-------- Records for this task

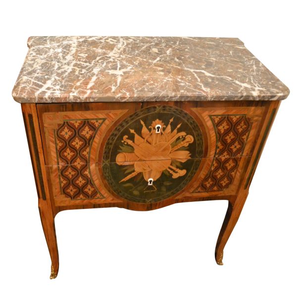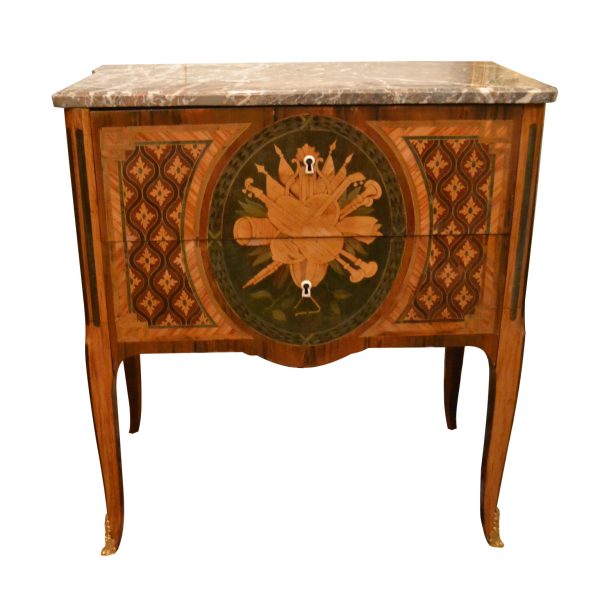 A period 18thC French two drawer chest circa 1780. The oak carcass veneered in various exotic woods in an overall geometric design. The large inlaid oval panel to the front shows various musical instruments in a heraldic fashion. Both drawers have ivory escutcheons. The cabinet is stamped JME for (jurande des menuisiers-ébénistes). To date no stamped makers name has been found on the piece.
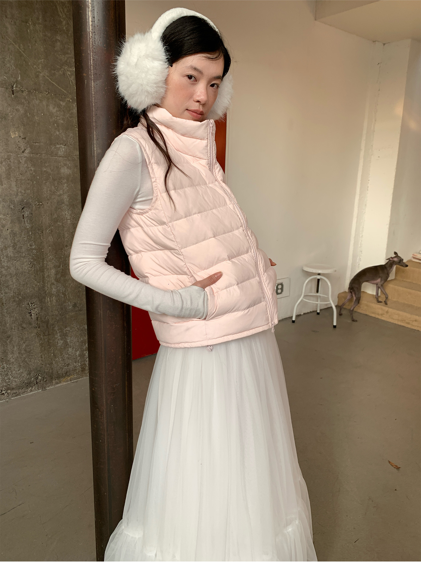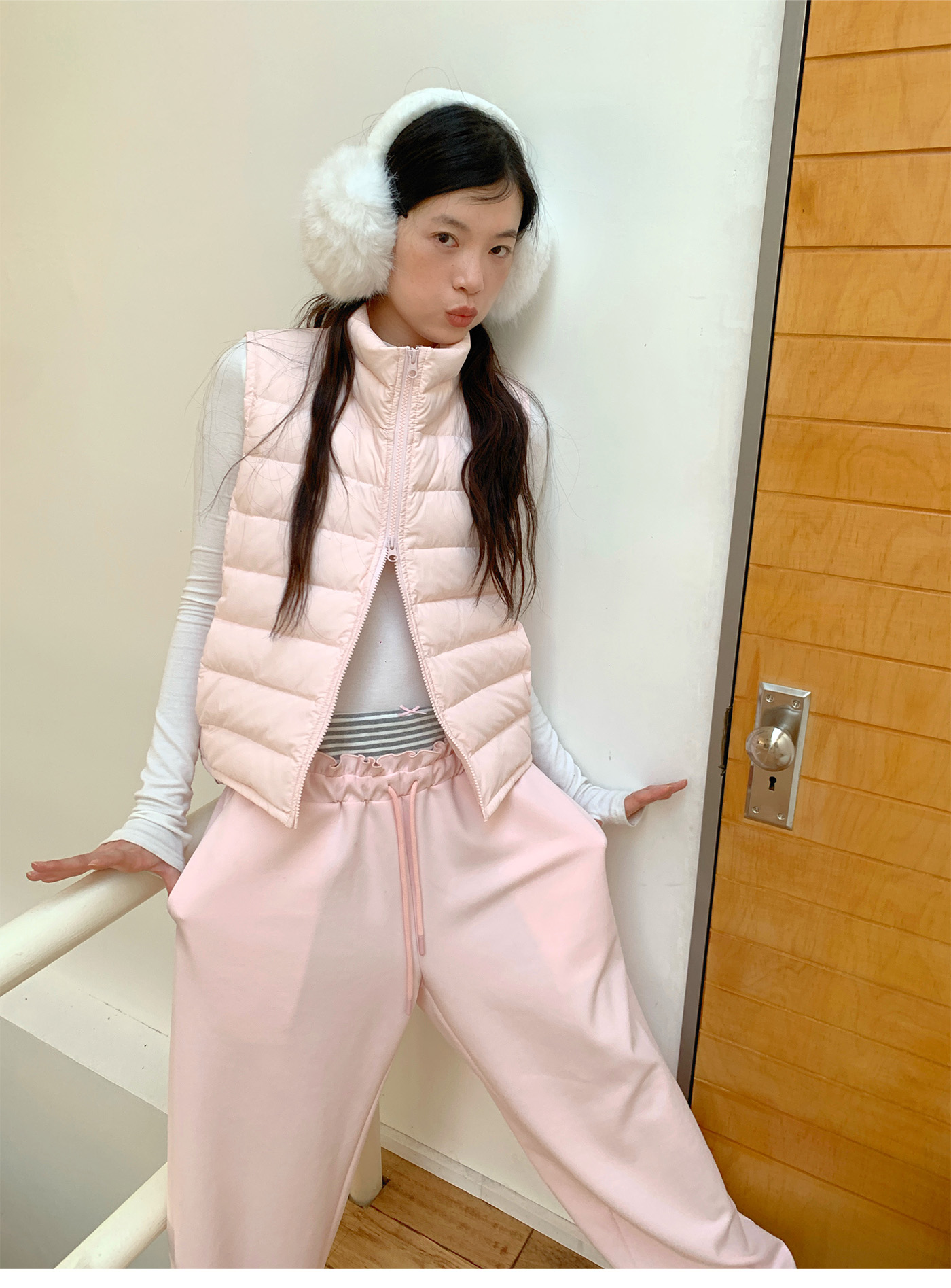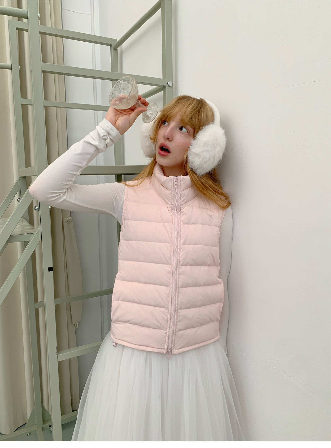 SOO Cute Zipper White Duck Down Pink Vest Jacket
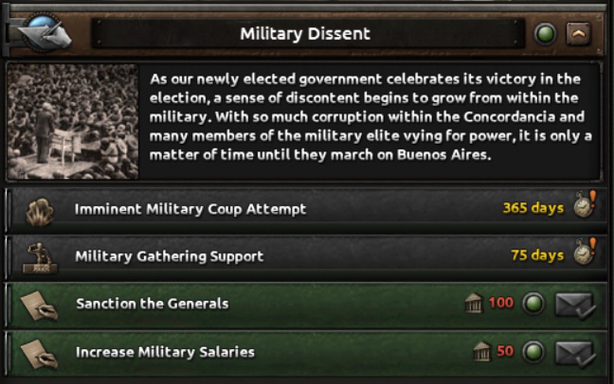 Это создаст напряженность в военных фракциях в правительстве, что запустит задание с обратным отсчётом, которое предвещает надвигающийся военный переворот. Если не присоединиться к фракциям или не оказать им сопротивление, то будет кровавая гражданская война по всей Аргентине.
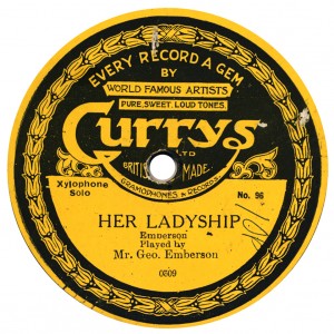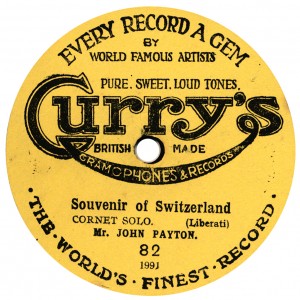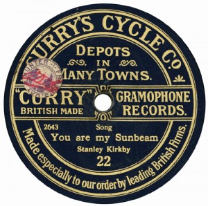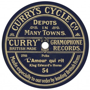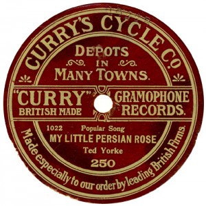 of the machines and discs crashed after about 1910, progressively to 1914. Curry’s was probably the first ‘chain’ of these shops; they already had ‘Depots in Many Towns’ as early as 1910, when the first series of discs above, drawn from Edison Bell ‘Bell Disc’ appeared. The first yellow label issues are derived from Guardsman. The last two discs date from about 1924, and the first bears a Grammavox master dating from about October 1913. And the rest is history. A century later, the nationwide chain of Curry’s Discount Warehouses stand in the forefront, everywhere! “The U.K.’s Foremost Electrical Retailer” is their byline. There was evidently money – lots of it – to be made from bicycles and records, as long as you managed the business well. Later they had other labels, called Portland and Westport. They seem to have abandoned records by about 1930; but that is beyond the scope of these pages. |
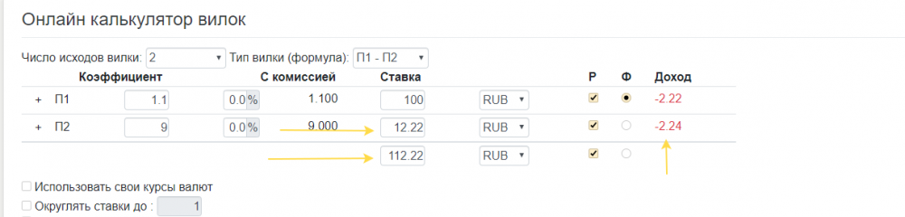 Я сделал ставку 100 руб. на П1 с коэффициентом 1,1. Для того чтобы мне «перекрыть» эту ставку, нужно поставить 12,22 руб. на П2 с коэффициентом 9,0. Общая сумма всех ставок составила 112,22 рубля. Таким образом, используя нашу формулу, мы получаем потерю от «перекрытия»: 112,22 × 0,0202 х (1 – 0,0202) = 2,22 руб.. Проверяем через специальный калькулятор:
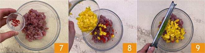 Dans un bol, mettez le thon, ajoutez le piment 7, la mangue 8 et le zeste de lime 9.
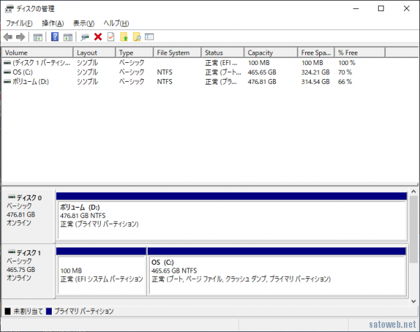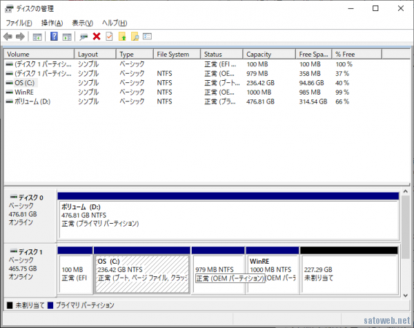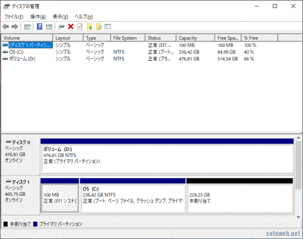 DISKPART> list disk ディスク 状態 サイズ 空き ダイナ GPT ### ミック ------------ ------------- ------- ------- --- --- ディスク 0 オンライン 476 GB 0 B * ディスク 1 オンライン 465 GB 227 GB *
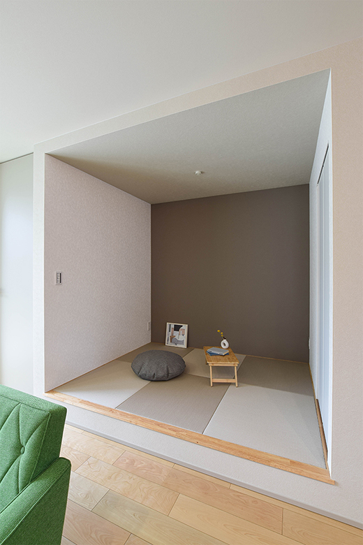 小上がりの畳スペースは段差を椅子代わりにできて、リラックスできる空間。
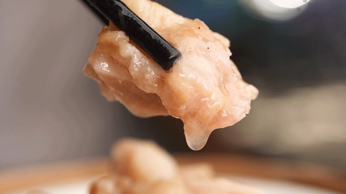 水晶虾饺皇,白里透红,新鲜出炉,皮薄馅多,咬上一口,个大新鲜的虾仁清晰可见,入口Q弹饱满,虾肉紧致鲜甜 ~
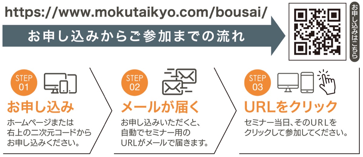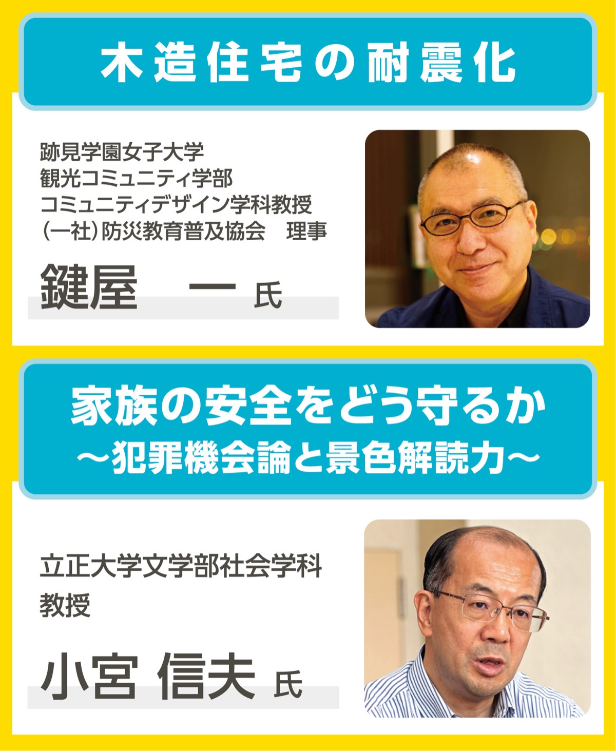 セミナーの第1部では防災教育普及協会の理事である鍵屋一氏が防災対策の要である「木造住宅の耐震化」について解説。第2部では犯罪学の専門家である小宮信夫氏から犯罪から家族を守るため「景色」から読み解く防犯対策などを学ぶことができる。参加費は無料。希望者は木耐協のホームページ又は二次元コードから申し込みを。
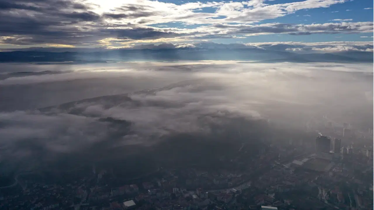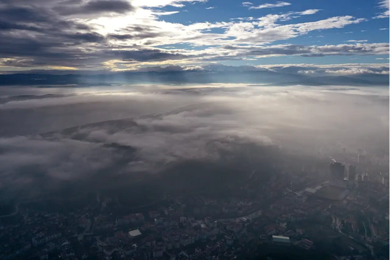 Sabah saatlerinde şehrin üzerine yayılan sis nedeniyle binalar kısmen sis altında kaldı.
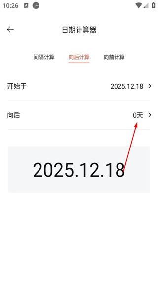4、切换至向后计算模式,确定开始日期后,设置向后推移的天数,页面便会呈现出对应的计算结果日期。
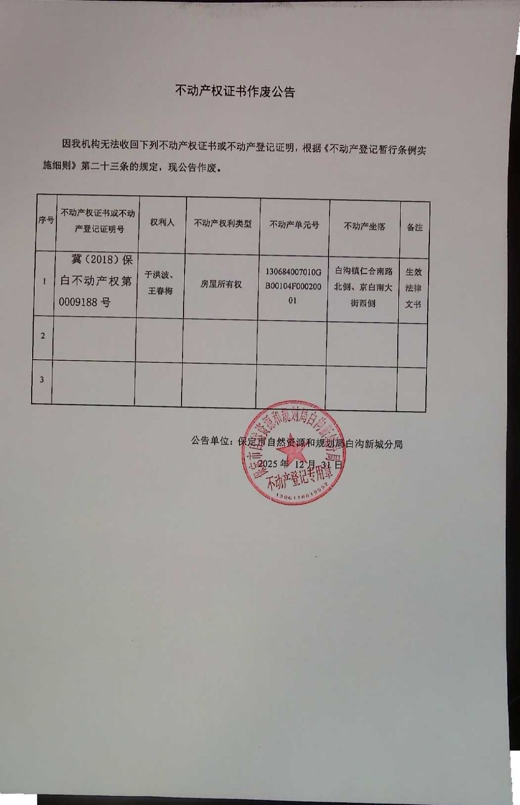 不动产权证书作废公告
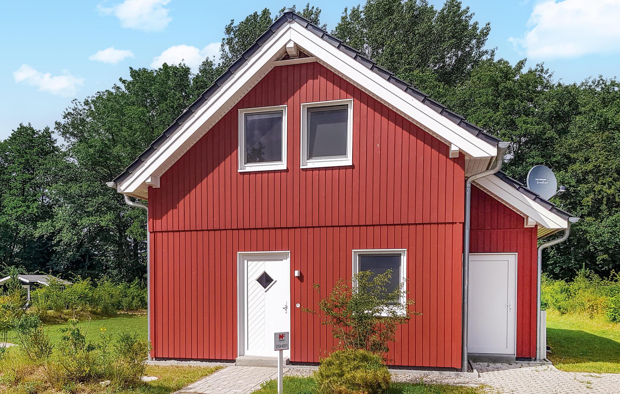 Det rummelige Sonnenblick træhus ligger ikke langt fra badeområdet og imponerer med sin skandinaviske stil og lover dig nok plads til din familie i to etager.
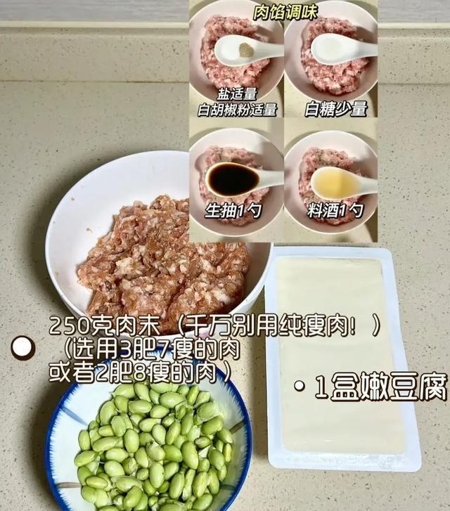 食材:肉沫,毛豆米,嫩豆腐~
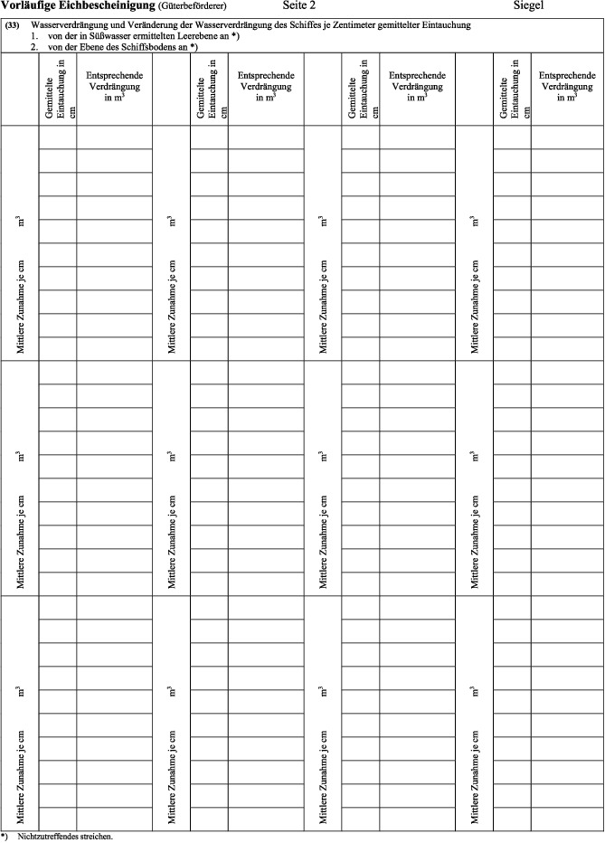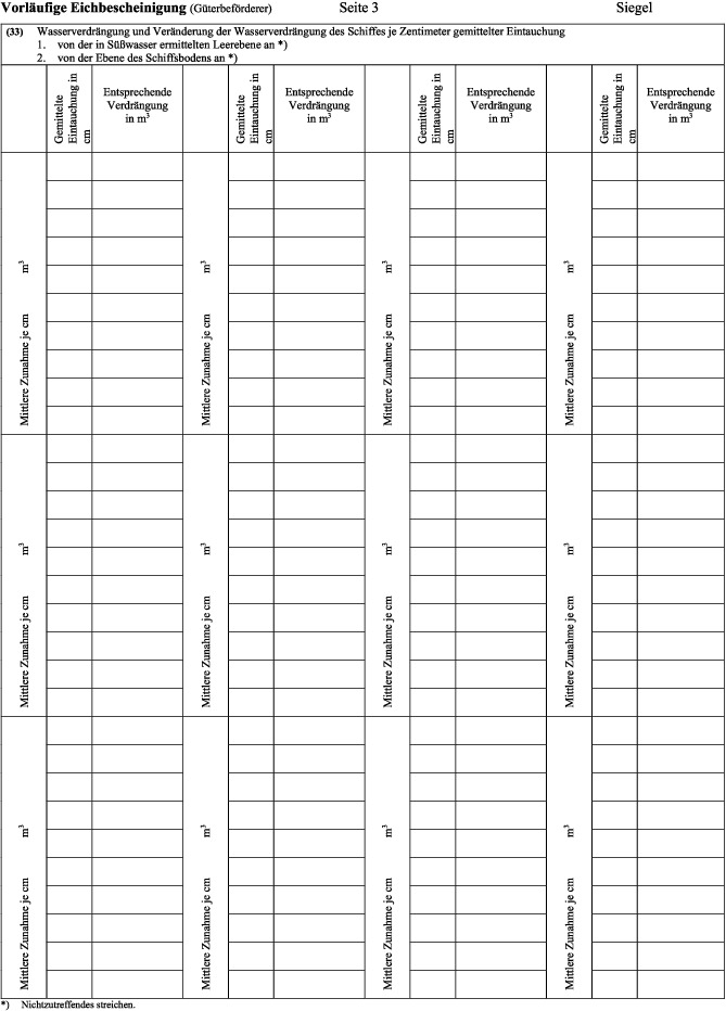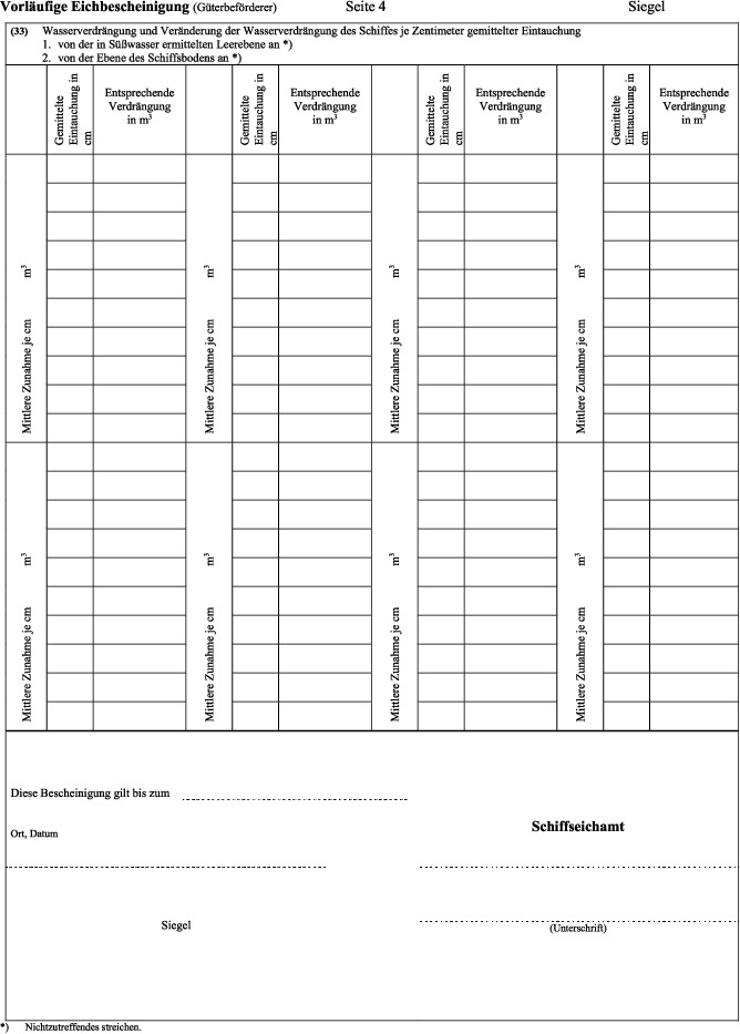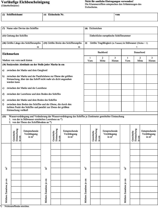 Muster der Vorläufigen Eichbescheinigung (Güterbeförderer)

----------------

* [What to produce]: For this exercise, return the records above in full and exactly, omitting the images.

* [Written reply]:
 A period 18thC French two drawer chest circa 1780. The oak carcass veneered in various exotic woods in an overall geometric design. The large inlaid oval panel to the front shows various musical instruments in a heraldic fashion. Both drawers have ivory escutcheons. The cabinet is stamped JME for (jurande des menuisiers-ébénistes). To date no stamped makers name has been found on the piece.
 SOO Cute Zipper White Duck Down Pink Vest Jacket
 Это создаст напряженность в военных фракциях в правительстве, что запустит задание с обратным отсчётом, которое предвещает надвигающийся военный переворот. Если не присоединиться к фракциям или не оказать им сопротивление, то будет кровавая гражданская война по всей Аргентине.
 of the machines and discs crashed after about 1910, progressively to 1914. Curry’s was probably the first ‘chain’ of these shops; they already had ‘Depots in Many Towns’ as early as 1910, when the first series of discs above, drawn from Edison Bell ‘Bell Disc’ appeared. The first yellow label issues are derived from Guardsman. The last two discs date from about 1924, and the first bears a Grammavox master dating from about October 1913. And the rest is history. A century later, the nationwide chain of Curry’s Discount Warehouses stand in the forefront, everywhere! “The U.K.’s Foremost Electrical Retailer” is their byline. There was evidently money – lots of it – to be made from bicycles and records, as long as you managed the business well. Later they had other labels, called Portland and Westport. They seem to have abandoned records by about 1930; but that is beyond the scope of these pages. |
 Я сделал ставку 100 руб. на П1 с коэффициентом 1,1. Для того чтобы мне «перекрыть» эту ставку, нужно поставить 12,22 руб. на П2 с коэффициентом 9,0. Общая сумма всех ставок составила 112,22 рубля. Таким образом, используя нашу формулу, мы получаем потерю от «перекрытия»: 112,22 × 0,0202 х (1 – 0,0202) = 2,22 руб.. Проверяем через специальный калькулятор:
 Dans un bol, mettez le thon, ajoutez le piment 7, la mangue 8 et le zeste de lime 9.
 DISKPART> list disk ディスク 状態 サイズ 空き ダイナ GPT ### ミック ------------ ------------- ------- ------- --- --- ディスク 0 オンライン 476 GB 0 B * ディスク 1 オンライン 465 GB 227 GB *
 小上がりの畳スペースは段差を椅子代わりにできて、リラックスできる空間。
 水晶虾饺皇,白里透红,新鲜出炉,皮薄馅多,咬上一口,个大新鲜的虾仁清晰可见,入口Q弹饱满,虾肉紧致鲜甜 ~
 セミナーの第1部では防災教育普及協会の理事である鍵屋一氏が防災対策の要である「木造住宅の耐震化」について解説。第2部では犯罪学の専門家である小宮信夫氏から犯罪から家族を守るため「景色」から読み解く防犯対策などを学ぶことができる。参加費は無料。希望者は木耐協のホームページ又は二次元コードから申し込みを。
 Sabah saatlerinde şehrin üzerine yayılan sis nedeniyle binalar kısmen sis altında kaldı.
4、切换至向后计算模式,确定开始日期后,设置向后推移的天数,页面便会呈现出对应的计算结果日期。
 不动产权证书作废公告
 Det rummelige Sonnenblick træhus ligger ikke langt fra badeområdet og imponerer med sin skandinaviske stil og lover dig nok plads til din familie i to etager.
 食材:肉沫,毛豆米,嫩豆腐~
 Muster der Vorläufigen Eichbescheinigung (Güterbeförderer)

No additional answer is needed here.